Выбрать главу

Но вера в созидательные силы народа у этих писателей сочетается с горьким сознанием трагизма его исторической судьбы, столь полно воплотившейся в участи Жанны д'Арк. В ее лице сама история как бы создала обобщенный символ своей многовековой трагедии. В таком направлении и излагается летопись легендарных подвигов Жанны в книгах, ей посвященных. Различия между ними проявляются не столько в истолковании общего смысла изображаемых событий, сколько в характеристике самой Орлеанской девы.

У каждого из мастеров, создающих ее портрет, есть своя Жанна, не похожая ни на один из ее многочисленных двойников. Становясь фокусом, в котором преломляются заветные чаяния глубоко различных художников, образ Жанны д'Арк несет на себе отпечаток их неповторимой творческой индивидуальности. Таким слепком с авторской души является и Жанна д'Арк Твена. Книга о ней не принадлежит к числу его лучших созданий. Но ни в одну из них он не вложил так много своего, не раскрыл так полно то, что таилось в святая святых его внутреннего мира. «Возможно, эта книга не будет пользоваться спросом… — писал Твен в 1895 г. Г. Г. Роджерсу, — это не имеет значения — она писалась из любви к предмету» (12, 629).

Его мечта о гармонически чистом, целостном человеке, самые интимные и личные чувства которого неотделимы от гражданственных устремлений, впервые получает здесь полноту образного воплощения. Если у Бернарда Шоу Жанна д'Арк — образец крестьянского здравомыслия и практицизма, то у Твена она — олицетворение нравственного величия и удивительной душевной красоты. Эта семнадцатилетняя пастушка — подлинное «дитя природы», чистое, непосредственное, искреннее во всех проявлениях своей целостной, неизуродованной натуры. Ее образ неотделим от образа чудесного широколистного дерева, под сенью которого она родилась и выросла. Его невидимые ветви осеняют ее даже тогда, когда она уходит из родной деревни, дабы выполнить свое высокое предназначение. Природная мудрость сердца сочетается в ней с ясностью мысли, не омраченной никакими эгоистическими расчетами и нечистыми помыслами. Спасительницей родины ее делает не вмешательство небесных сил, а глубина патриотического чувства, столь естественная для простого человека, кровно связанного со своим народом и своей землей. «Она была крестьянка. В этом вся разгадка, — пишет Твен. — Она вышла из народа и знала народ» (8, 17). Нерасторжимость связи с тружениками Франции и служит залогом подвигов Жанны. Но в этой же связи — залог и ее обреченности.
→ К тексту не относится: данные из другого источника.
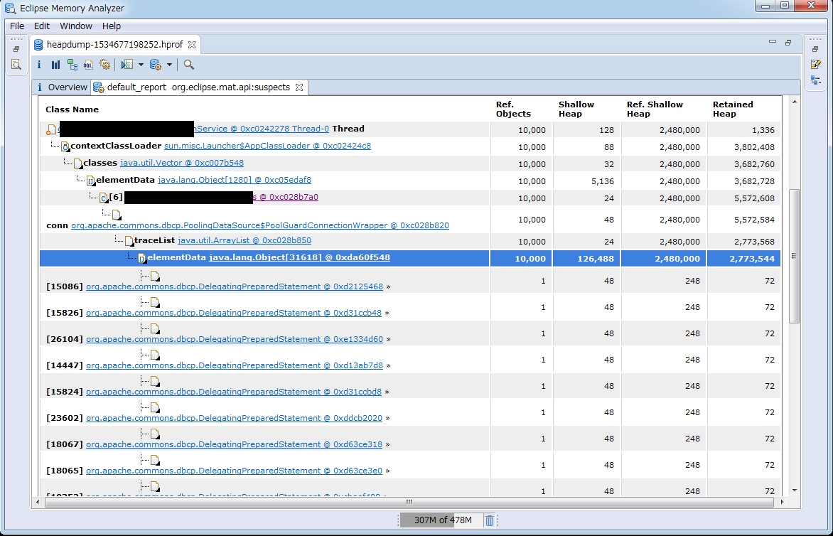 2,但是后来使用MAT一看,立即发现了这个data[]有问题。并不是我们缓存处理的内容,而是数据库链接没有正常关闭的问题。代码BUG
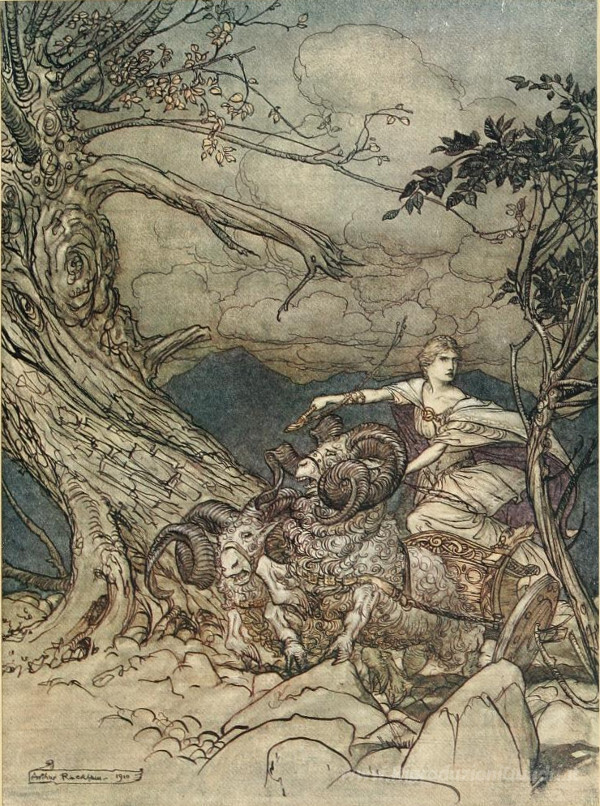 Ti offriamo una riproduzione artigianale su tela dell'opera famosa 'Approcci Fricka in rabbia' di Arthur Rackham, dal Museo delle Riproduzioni.
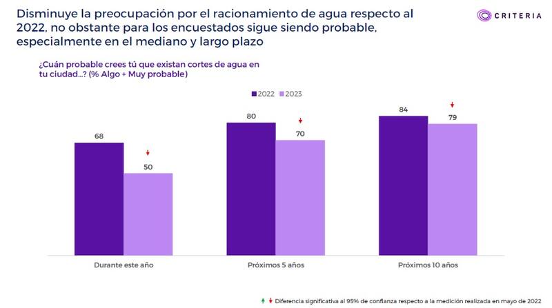 El análisis cuantitativo consideró 1.007 casos de hombres y mujeres entre 18 y 70 años, estableciendo que el 50% de los chilenos cree que habrá racionamiento de agua este año, el 70% en los próximos cinco años, mientras que el 79% en la próxima década. Las tres interrogantes descendieron en relación al análisis realizado en 2022 (ver gráfico a continuación).

Безродная и бесправная дочь народа, она нарушила запреты эксплуататорского общества, поднявшись на высоты, где обитают его бездушные правители. В логово зверей пришел человек, и ему уготована здесь неминуемая гибель. Удивительная тонкость душевной организации этой простенькой девушки резко контрастирует с варварскими нравами привилегированных сословий. «Жанна, — пишет Твен в предисловии к книге, — была правдива, когда ложь не сходила у людей с языка, она была честна, когда понятие о честности было утрачено… Она была стойкой там, где стойкость была неизвестна, и дорожила честью, когда честь была позабыта. Она соблюдала достоинство в эпоху низкого раболепства» (8, 10).